[Stored records]
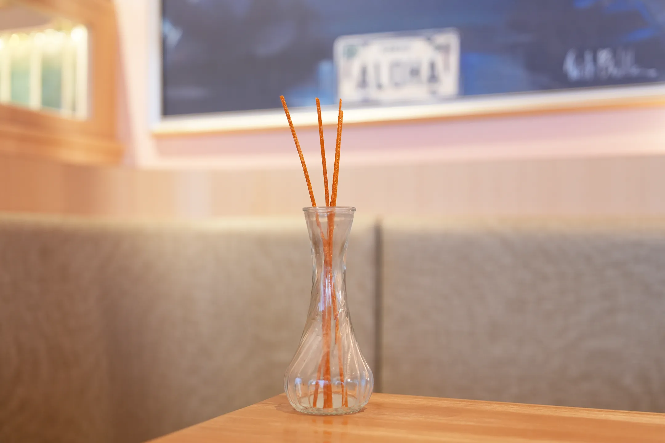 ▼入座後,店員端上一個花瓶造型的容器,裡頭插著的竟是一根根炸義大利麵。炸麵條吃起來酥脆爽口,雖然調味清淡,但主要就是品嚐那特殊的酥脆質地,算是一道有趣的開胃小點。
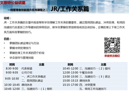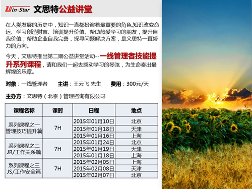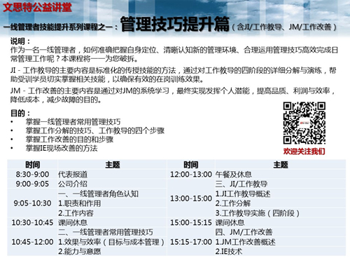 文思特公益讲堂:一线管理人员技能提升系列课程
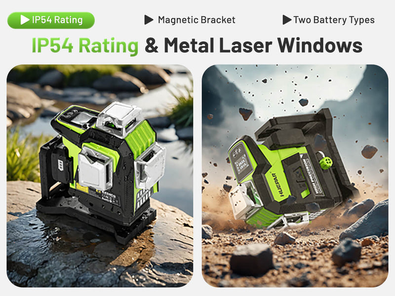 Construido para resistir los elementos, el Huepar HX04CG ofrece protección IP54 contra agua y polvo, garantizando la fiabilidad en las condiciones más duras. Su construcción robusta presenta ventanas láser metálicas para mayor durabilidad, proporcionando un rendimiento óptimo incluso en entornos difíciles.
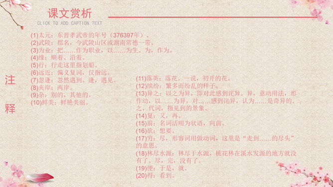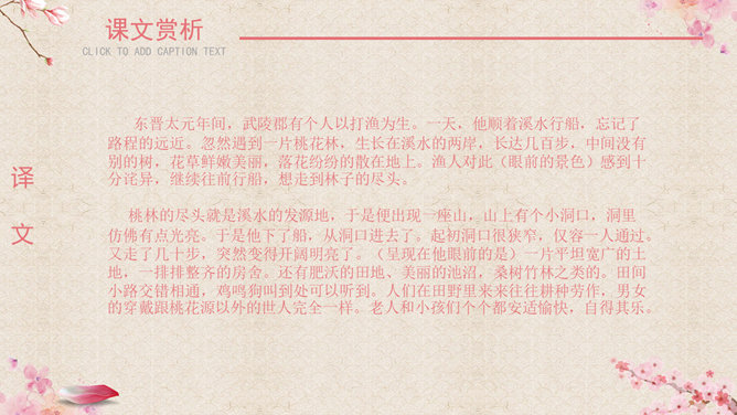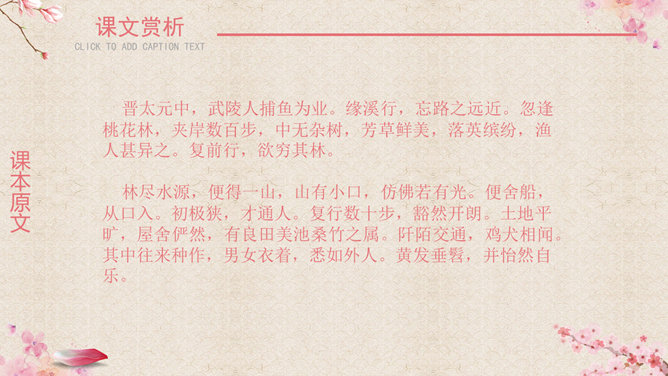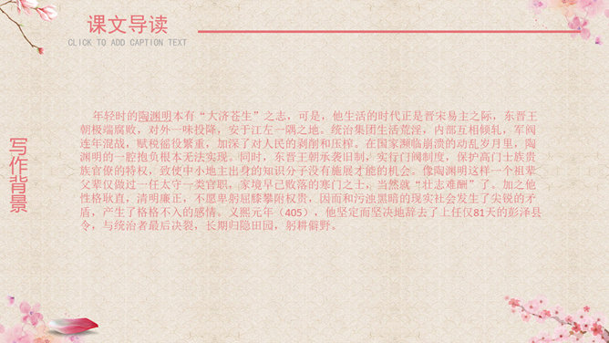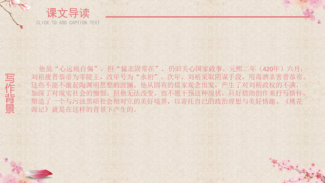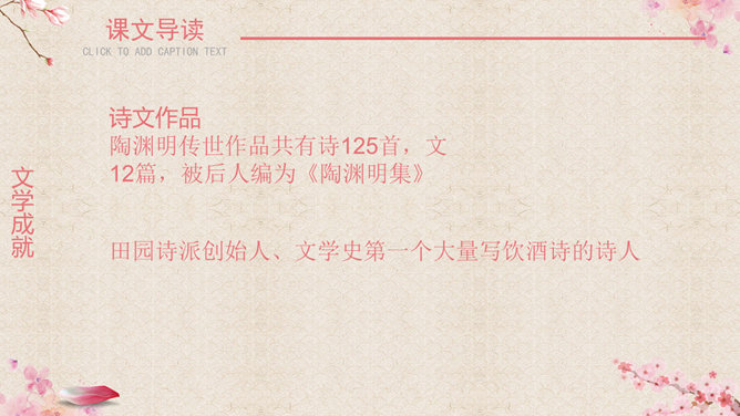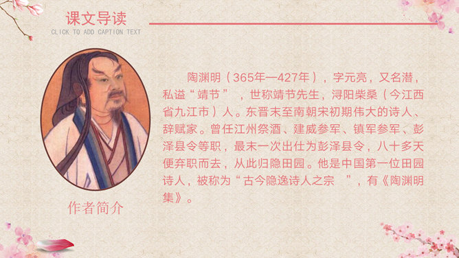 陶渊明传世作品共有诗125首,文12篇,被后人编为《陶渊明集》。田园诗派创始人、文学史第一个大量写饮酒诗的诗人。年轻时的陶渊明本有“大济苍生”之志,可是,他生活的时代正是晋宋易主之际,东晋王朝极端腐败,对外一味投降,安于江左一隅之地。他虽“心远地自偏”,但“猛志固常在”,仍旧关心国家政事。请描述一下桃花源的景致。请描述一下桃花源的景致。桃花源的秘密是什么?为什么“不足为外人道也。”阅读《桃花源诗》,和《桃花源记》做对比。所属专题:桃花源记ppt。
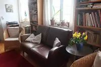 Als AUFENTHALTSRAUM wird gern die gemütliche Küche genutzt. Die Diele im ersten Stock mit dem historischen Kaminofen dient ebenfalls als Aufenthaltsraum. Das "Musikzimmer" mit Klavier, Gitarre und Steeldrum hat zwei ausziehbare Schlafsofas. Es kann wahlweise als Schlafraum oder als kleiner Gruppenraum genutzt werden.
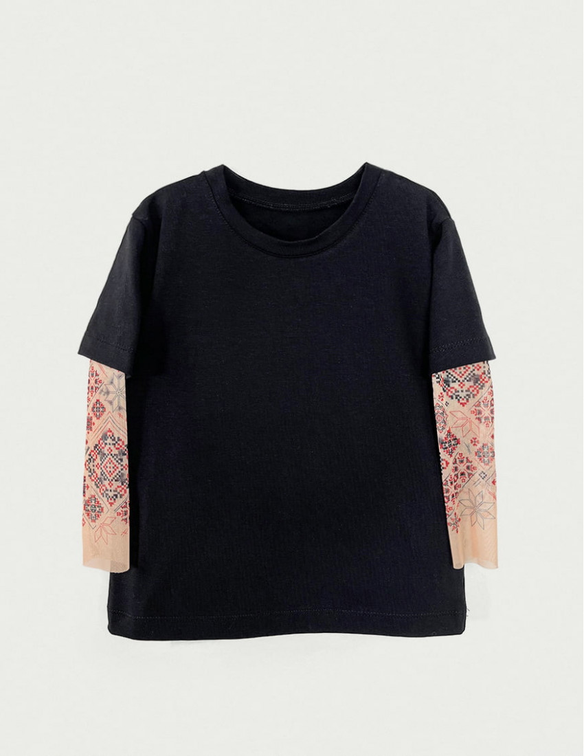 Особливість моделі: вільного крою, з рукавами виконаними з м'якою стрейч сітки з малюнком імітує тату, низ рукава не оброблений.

_How to complete this task:_ Each line of the data needs to be output exactly, with any image excluded.

_Your response:_
 ▼入座後,店員端上一個花瓶造型的容器,裡頭插著的竟是一根根炸義大利麵。炸麵條吃起來酥脆爽口,雖然調味清淡,但主要就是品嚐那特殊的酥脆質地,算是一道有趣的開胃小點。
 文思特公益讲堂:一线管理人员技能提升系列课程
 Construido para resistir los elementos, el Huepar HX04CG ofrece protección IP54 contra agua y polvo, garantizando la fiabilidad en las condiciones más duras. Su construcción robusta presenta ventanas láser metálicas para mayor durabilidad, proporcionando un rendimiento óptimo incluso en entornos difíciles.
 陶渊明传世作品共有诗125首,文12篇,被后人编为《陶渊明集》。田园诗派创始人、文学史第一个大量写饮酒诗的诗人。年轻时的陶渊明本有“大济苍生”之志,可是,他生活的时代正是晋宋易主之际,东晋王朝极端腐败,对外一味投降,安于江左一隅之地。他虽“心远地自偏”,但“猛志固常在”,仍旧关心国家政事。请描述一下桃花源的景致。请描述一下桃花源的景致。桃花源的秘密是什么?为什么“不足为外人道也。”阅读《桃花源诗》,和《桃花源记》做对比。所属专题:桃花源记ppt。
 Als AUFENTHALTSRAUM wird gern die gemütliche Küche genutzt. Die Diele im ersten Stock mit dem historischen Kaminofen dient ebenfalls als Aufenthaltsraum. Das "Musikzimmer" mit Klavier, Gitarre und Steeldrum hat zwei ausziehbare Schlafsofas. Es kann wahlweise als Schlafraum oder als kleiner Gruppenraum genutzt werden.
 Особливість моделі: вільного крою, з рукавами виконаними з м'якою стрейч сітки з малюнком імітує тату, низ рукава не оброблений.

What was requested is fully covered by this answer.